Objective: Chronic inflammation in ulcerative colitis is associated with increased risk for colorectal cancer. Its molecular pathway of cancer development is poorly understood. We investigated the role of neutrophil-derived cellular stress in an in vitro model of neutrophils as effectors and colon epithelial cells as targets, and tested for changes in cell cycle distribution and the appearance of replication errors.
Design: Colon epithelial cells with different mismatch repair phenotypes were co-cultured with activated neutrophils. Target cells were analysed for cell cycle distribution and replication errors by flow cytometry. Changes in nuclear and DNA-bound levels of mismatch repair- and checkpoint-related proteins were analysed by western blotting.

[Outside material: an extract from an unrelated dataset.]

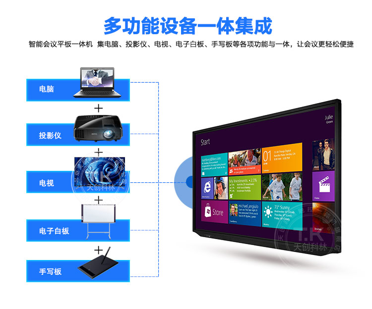 触控教学会议体机的推出,很好地解决了传统电子白板所面临的系列问题。比如像,传统电子白板搭配投影使用时,老师讲课所遇到的遮挡光线问题;比如像传统电子白板周边配套设备太多,导致安装时繁琐的布线以及让教室看起来相对不整洁;再比如像传统许多电子白板书写都要使用专用的笔等等。
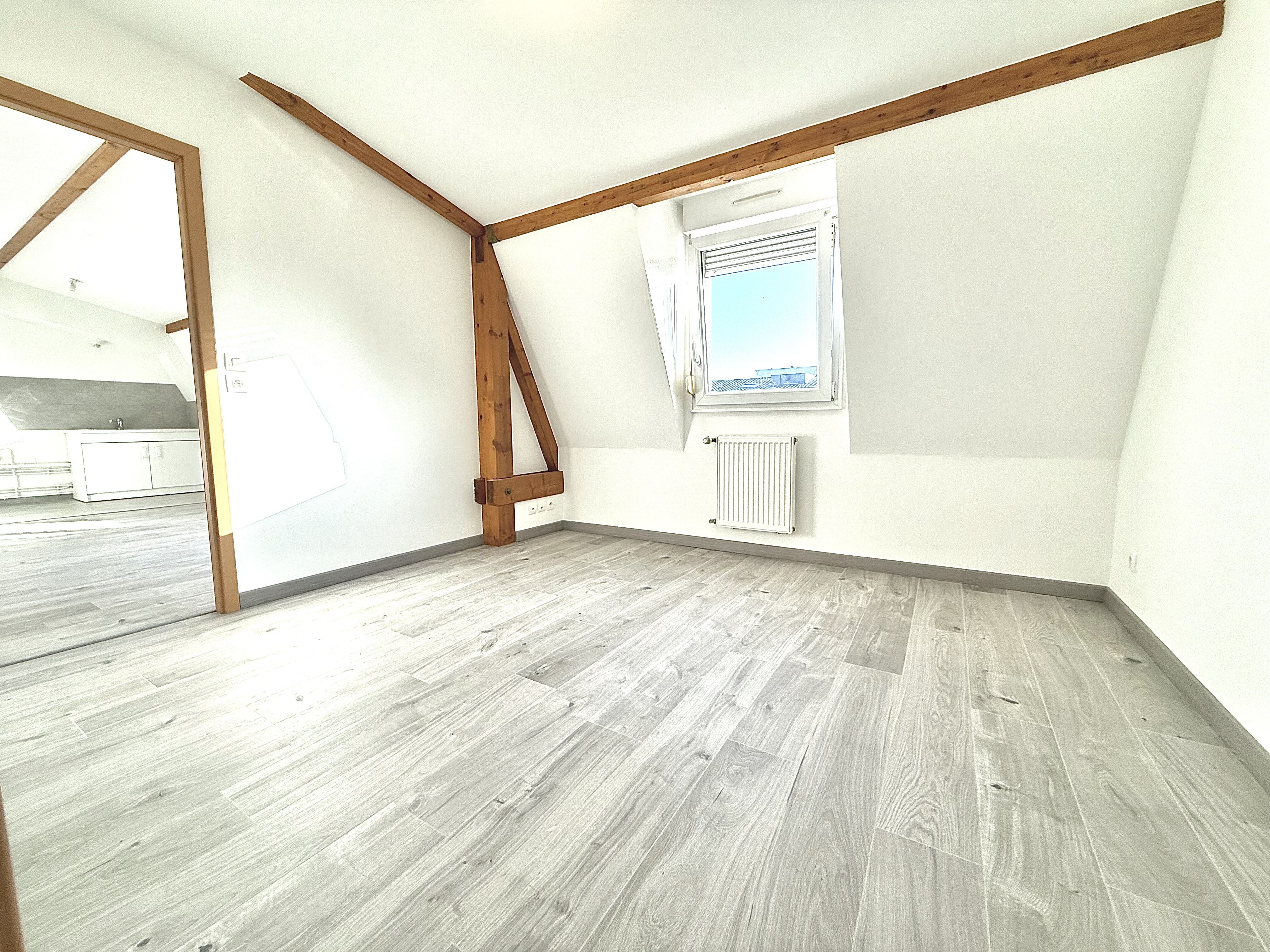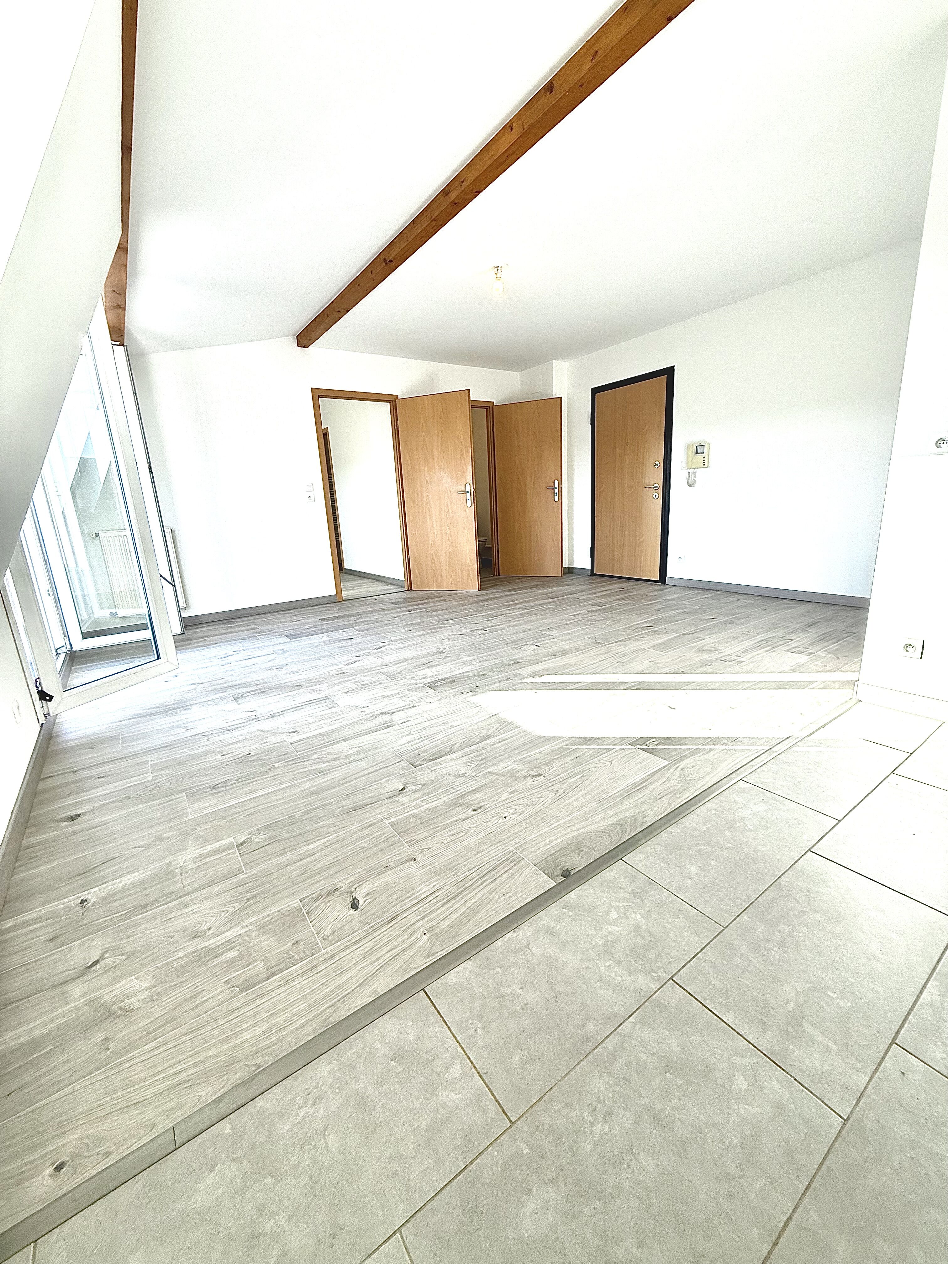 Cuisine carrelée ( à personnaliser) ouverte sur salon parquet, surface de l'ensemble environ 26 m², accès balcon

Results: Activated neutrophils cause an accumulation of target cells in G2/M, consistent with the installation of a DNA-damage checkpoint. Cells that do not express hMSH2, p53 or p21waf1/cip1 failed to undergo the G2/M arrest. Phosphorylation of p53 at site Ser15 and Chk1 at Ser317, as well as accumulation of p21waf1/cip1, was observed within 8–24 h. Superoxide dismutase and catalase were unable to overcome this G2/M arrest, possibly indicating that neutrophil products other than superoxide or H2O2 are involved in this cellular response. Finally, exposure to activated neutrophils increased the number of replication errors.
Conclusions: By using an in vitro co-culture model that mimics intestinal inflammation in ulcerative colitis, we provide molecular evidence for an hMSH2-dependent G2/M checkpoint arrest and for the presence of replication errors.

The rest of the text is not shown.